Consol Mining launches $800 million credit facilities to investors

By Sara Rosenberg

New York, Oct. 16 – Consol Mining Corp. (to be renamed Consol Energy Inc.) launched at its bank meeting on Monday $800 million of new credit facilities, according to a market source.

The facilities consist of a $300 million four-year revolver, a $100 million four-year term loan A and a $400 million five-year covenant-light term loan B.

Price talk on the term loan B is Libor plus 525 basis points with a 1% Libor floor and an original issue discount of 99, the source said.

The term loan B has 101 soft call protection for one year and an excess cash flow sweep of 75% at total net leverage of 2 times, 50% at total net leverage of less than 2 times but more than or equal to 1.5 times and 0% at total net leverage of less than 1.5 times.

Covenants under the revolver and term loan A are total net leverage, first-lien gross leverage and fixed-charge coverage.

Amortization on the term loan A is 15% in years one and two, 25% in year three and 45% in year four, and amortization on the term loan B is 1% per annum.

Incremental allowance is equal to the greater of $100 million and an amount such that first-lien gross leverage does not exceed 1.5 times. Amounts used for revolver are capped at $100 million.

Expected credit facilities ratings are Ba3/B+.

Citigroup Global Markets Inc., J.P. Morgan Securities LLC, PNC Capital Markets and Bank of America Merrill Lynch are the joint lead arrangers on the deal.

Commitments are due at 5 p.m. ET on Oct. 26, the source added.

Proceeds will be used to help fund the separation of Consol Mining from Consol Energy Inc.

Closing is expected in mid-to-late November.

Through the separation, Canonsburg, Pa.-based Consol Mining will take the Pennsylvania mining complex, Consol’s ownership interest in CNX Coal Resources LP, the marine terminal at Baltimore Port, undeveloped coal reserves located in the Northern Appalachian, Central Appalachian and Illinois basins and related coal assets and liabilities.

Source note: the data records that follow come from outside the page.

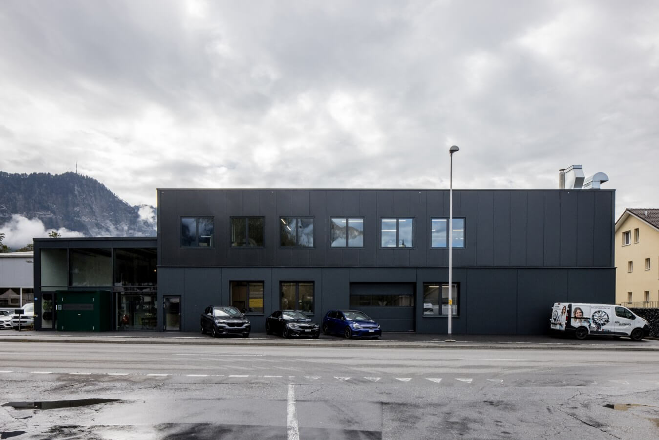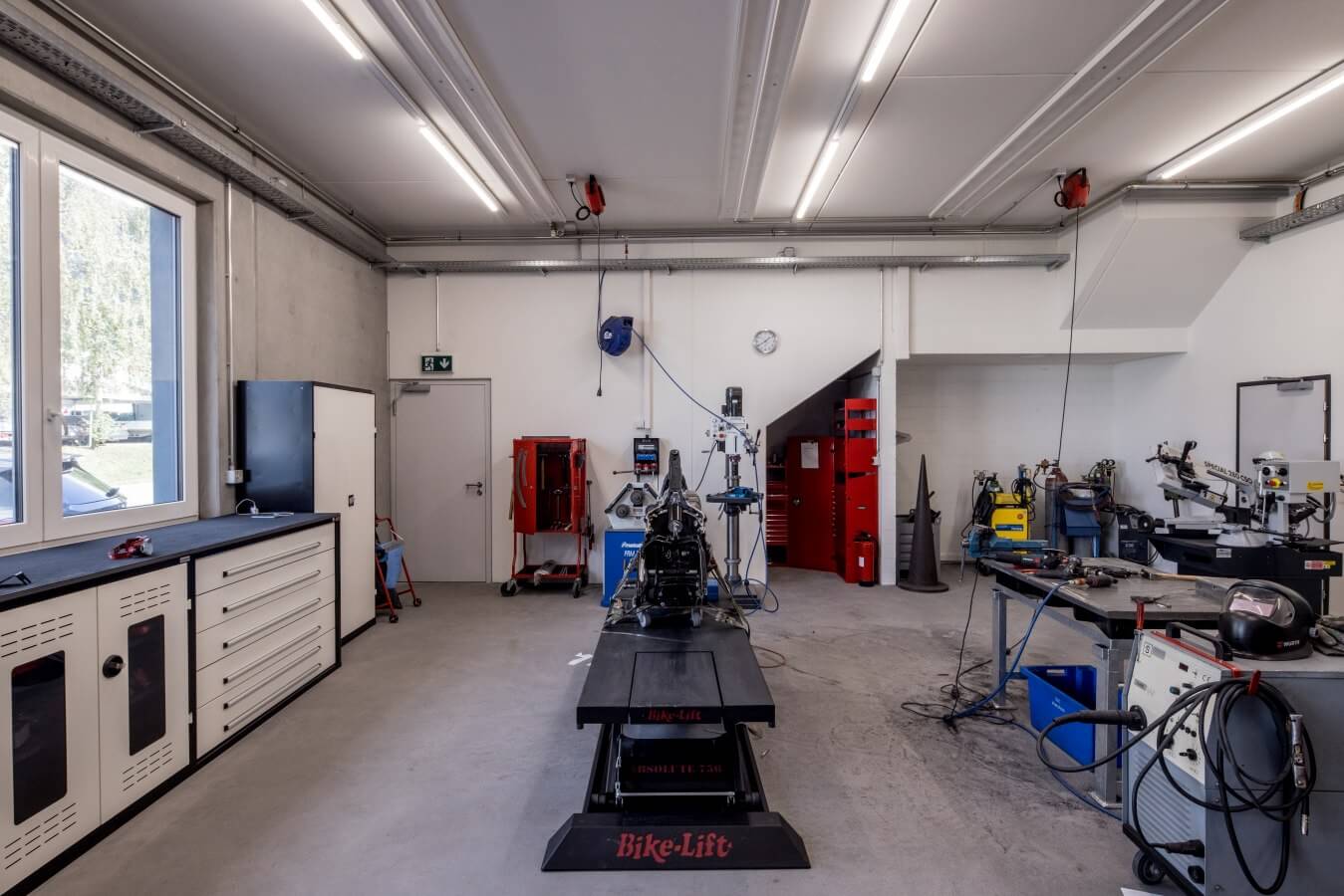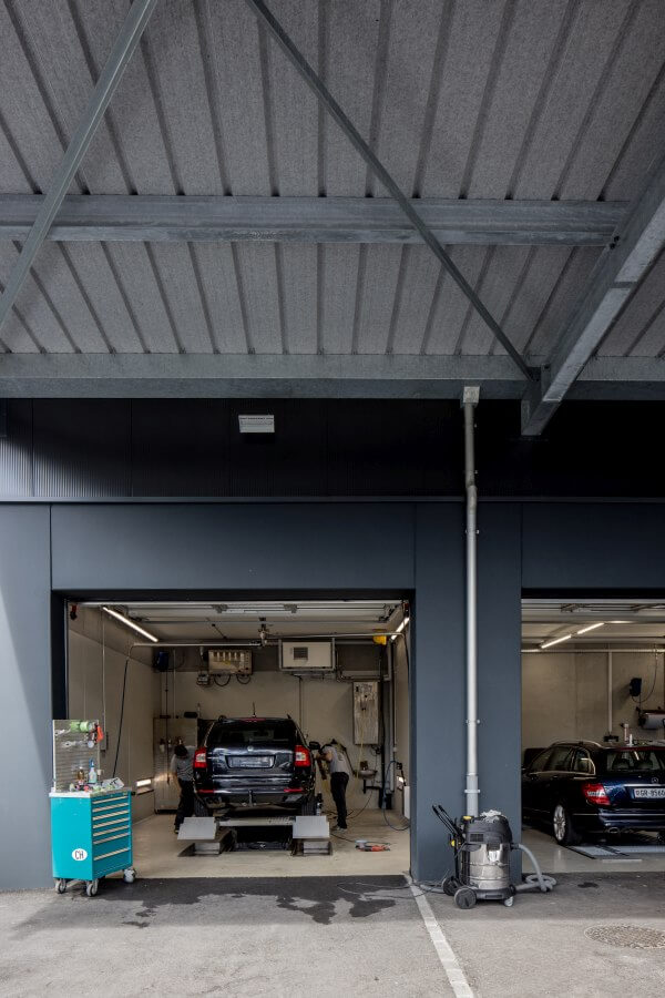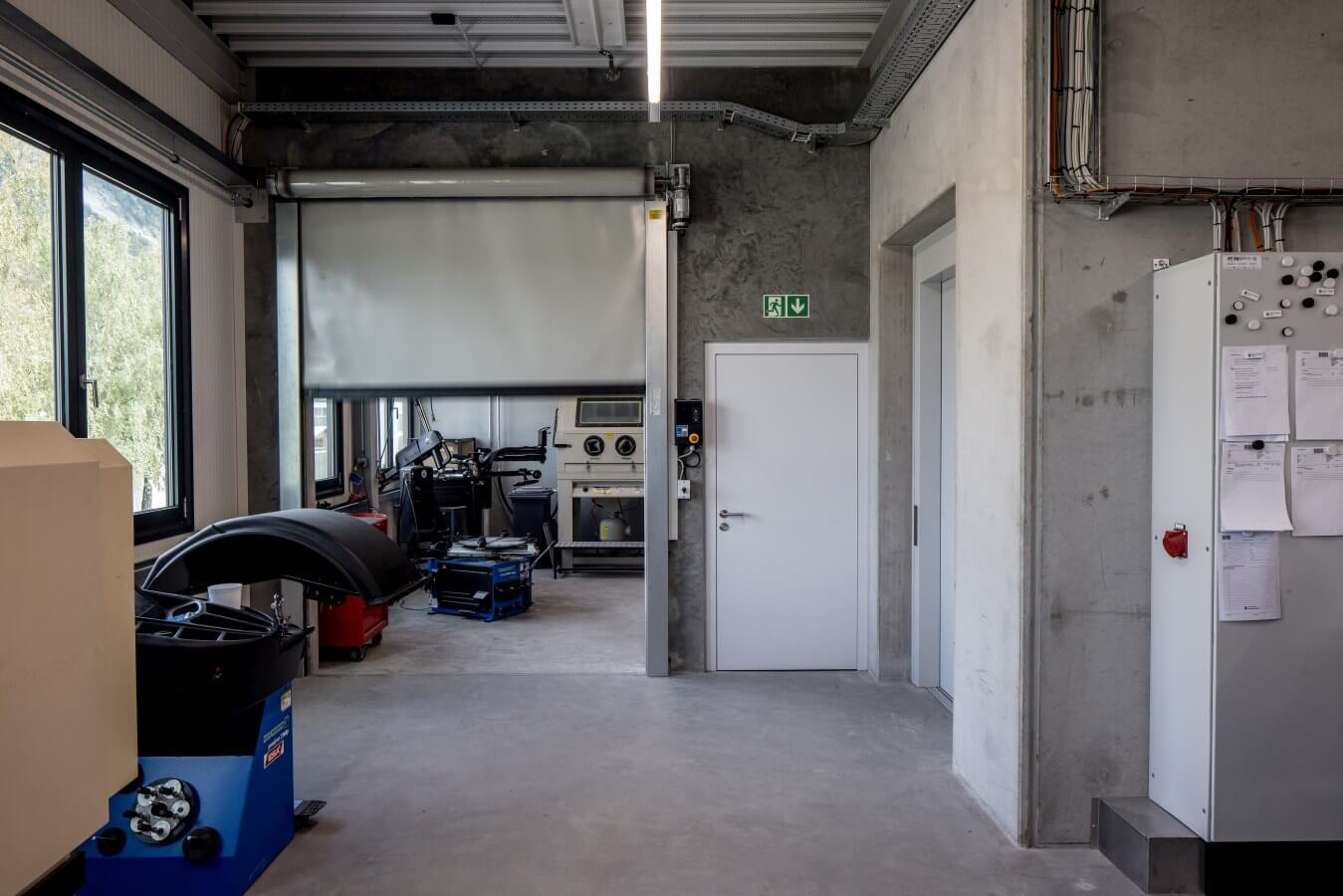 2-geschossiger Erweiterungsbau mit neuem Warenlift, Waschraum, Ablieferungsraum, Motorrad-Spenglerei und moderner Felgenwerkstatt im Obergeschoss.
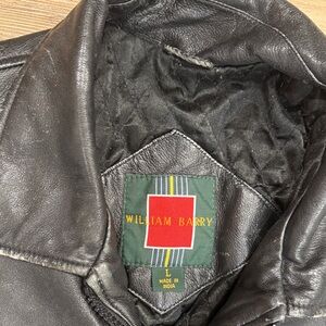Classic black leather jacket by William Barry. Features durable material and sleek design. Ideal for versatile wear.
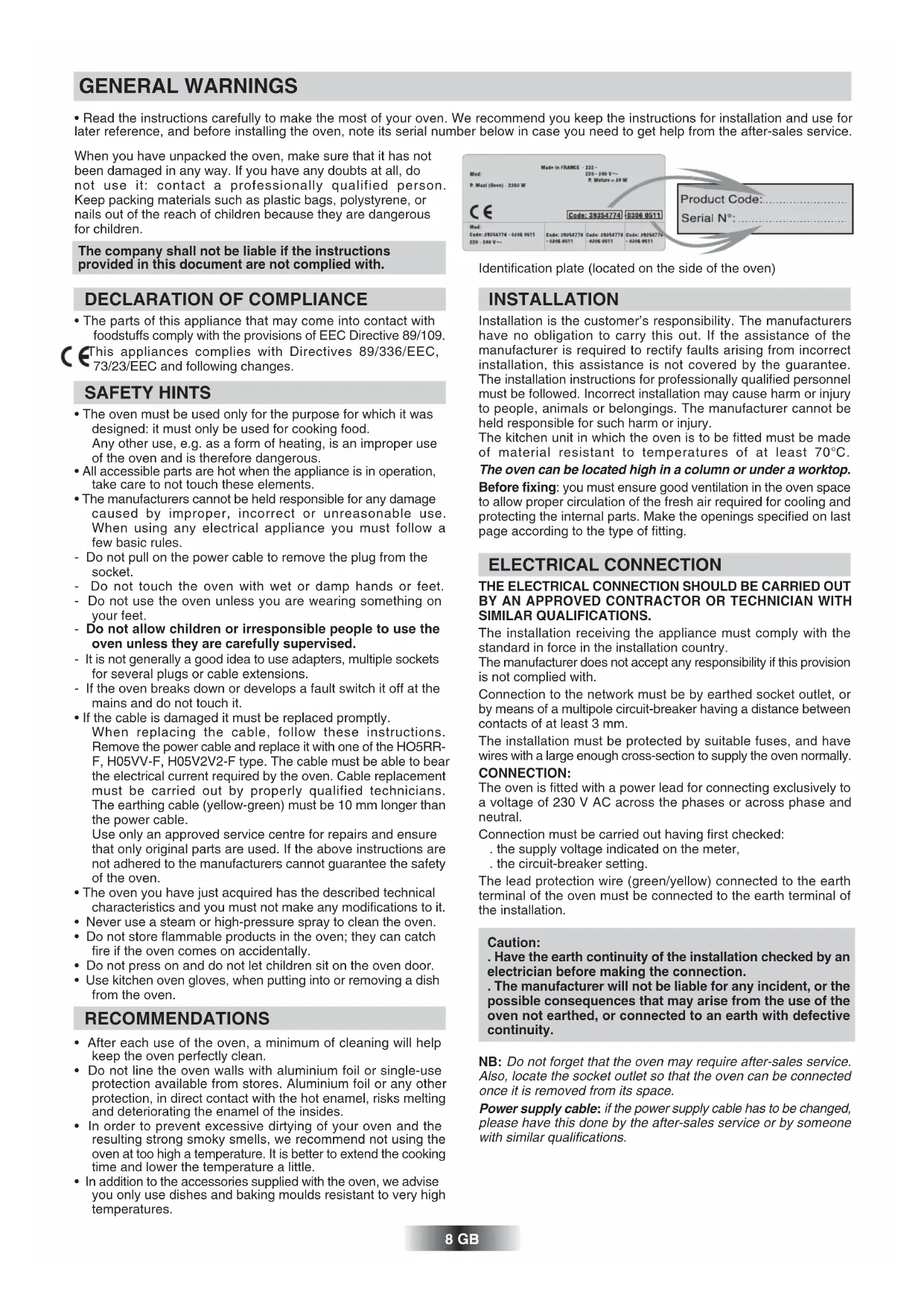 cuisson Temps de cuisson Conseils Niveau gradin• Read the instructions carefully to make the most of your oven. We recommend you keep the instructions for installation and use for later reference, and before installing the oven, note its serial number below in case you need to get help from the after-sales service. The company shall not be liable if the instructions provided in this document are not complied with. GENERAL WARNINGS 8 GB
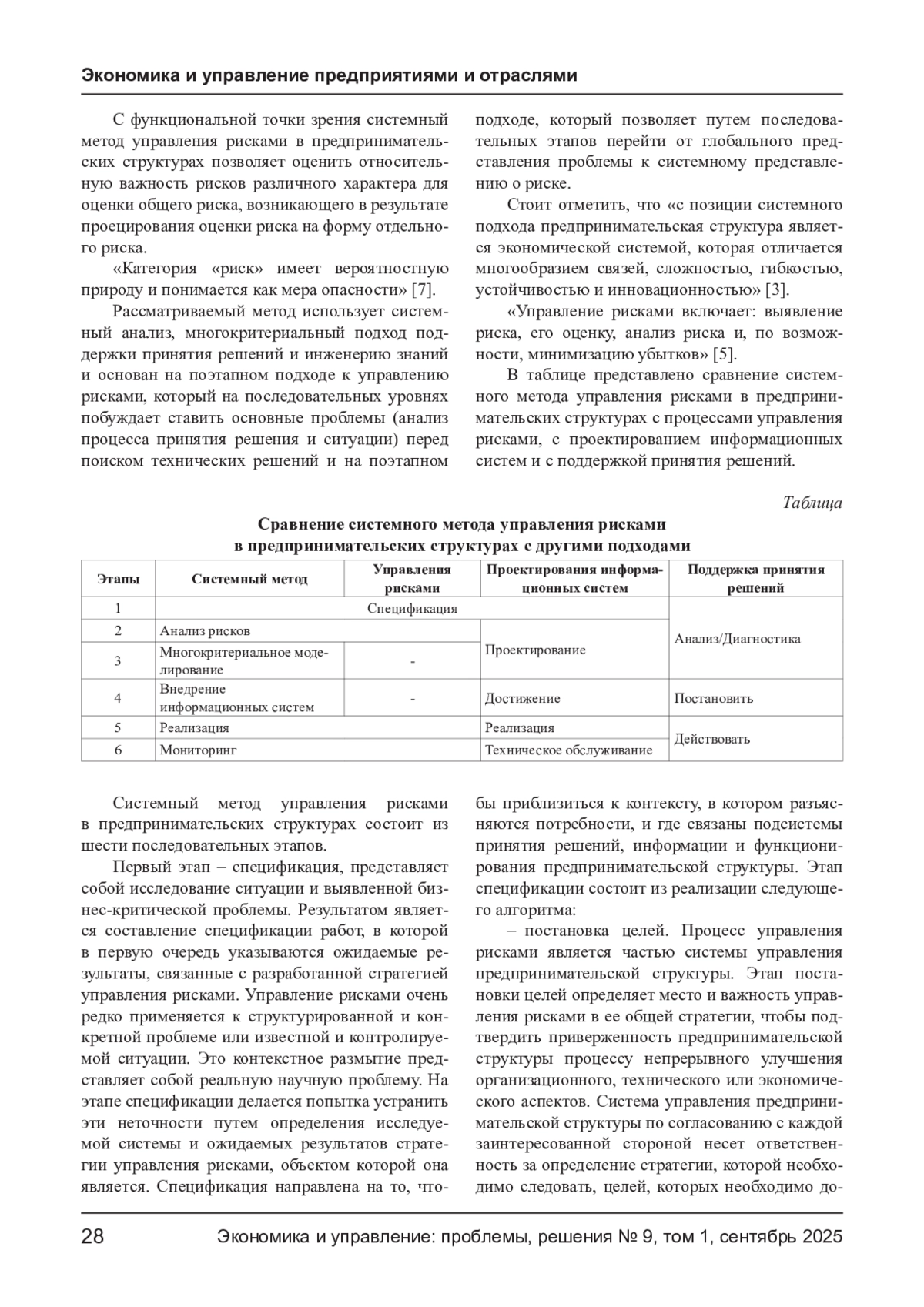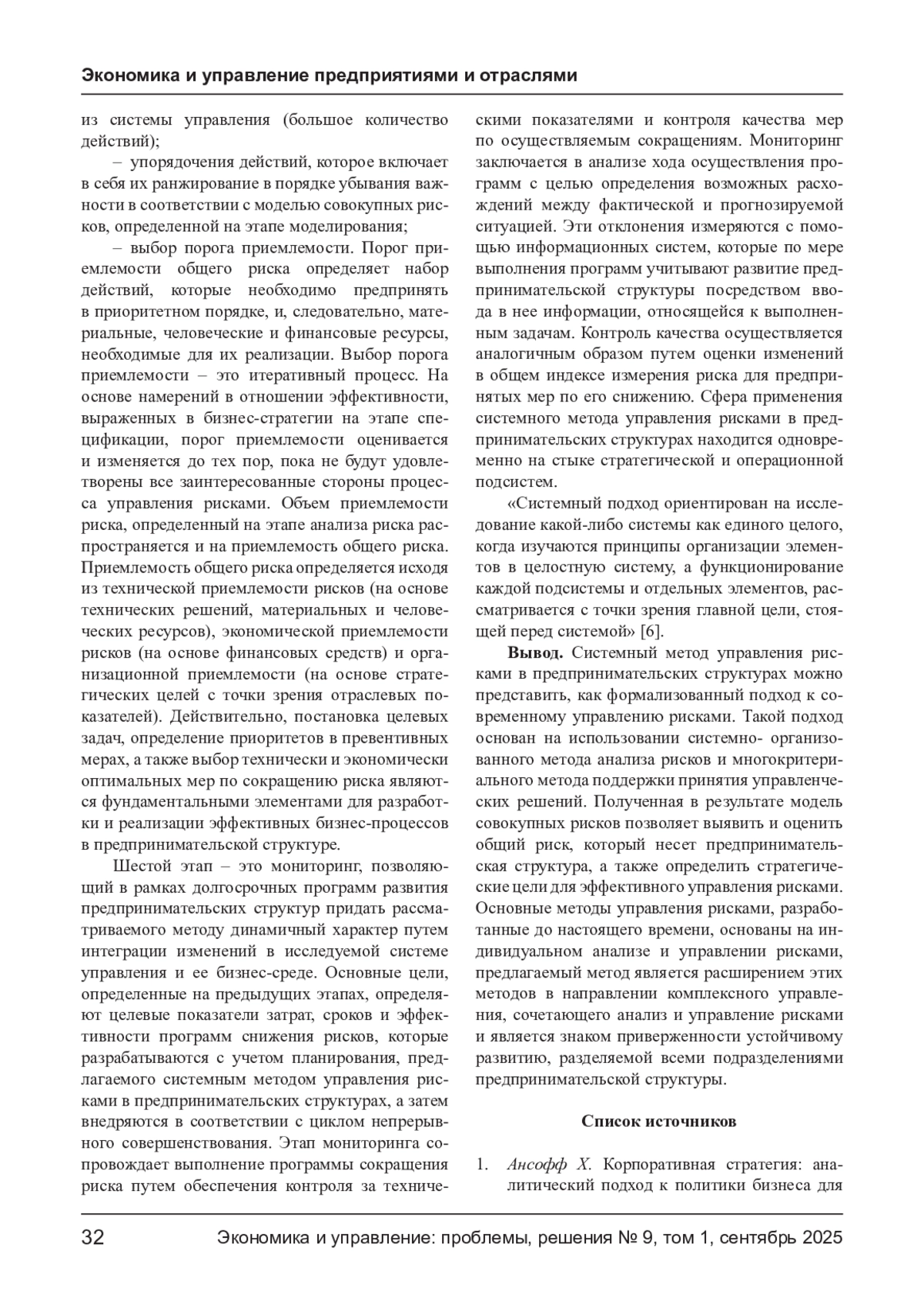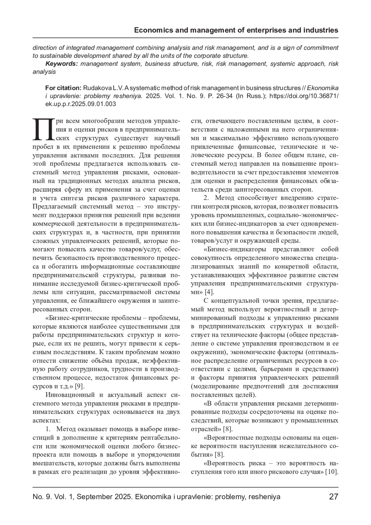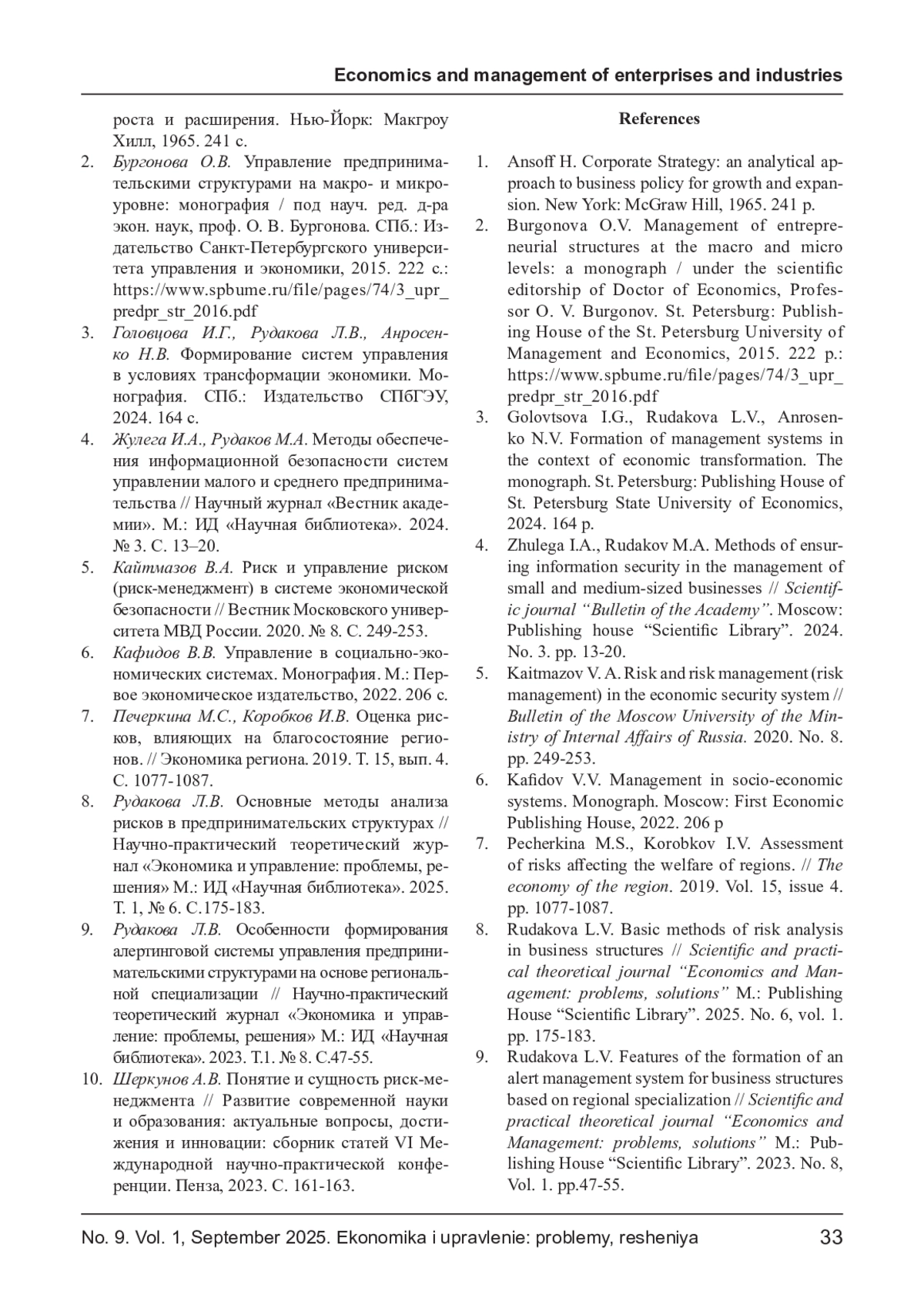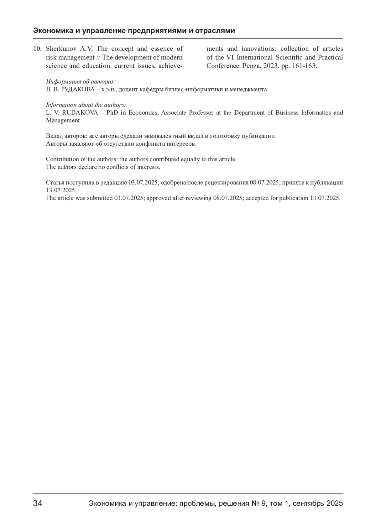 8. Рудакова Л.В. Основные методы анализа рисков в предпринимательских структурах // Научно-практический теоретический журнал “Экономика и управление: проблемы, решения” М.: ИД “Научная библиотека”. 2025. Т. 1, № 6. С.175-183.

The remaining Consol company will own the exploration and production assets, specifically developed and undeveloped oil and gas properties, both leased and owned in fee, located primarily in Appalachia, with a primary focus in the continued development of Marcellus Shale acreage and the delineation and development of Utica Shale acreage, along with water services and land resource management services.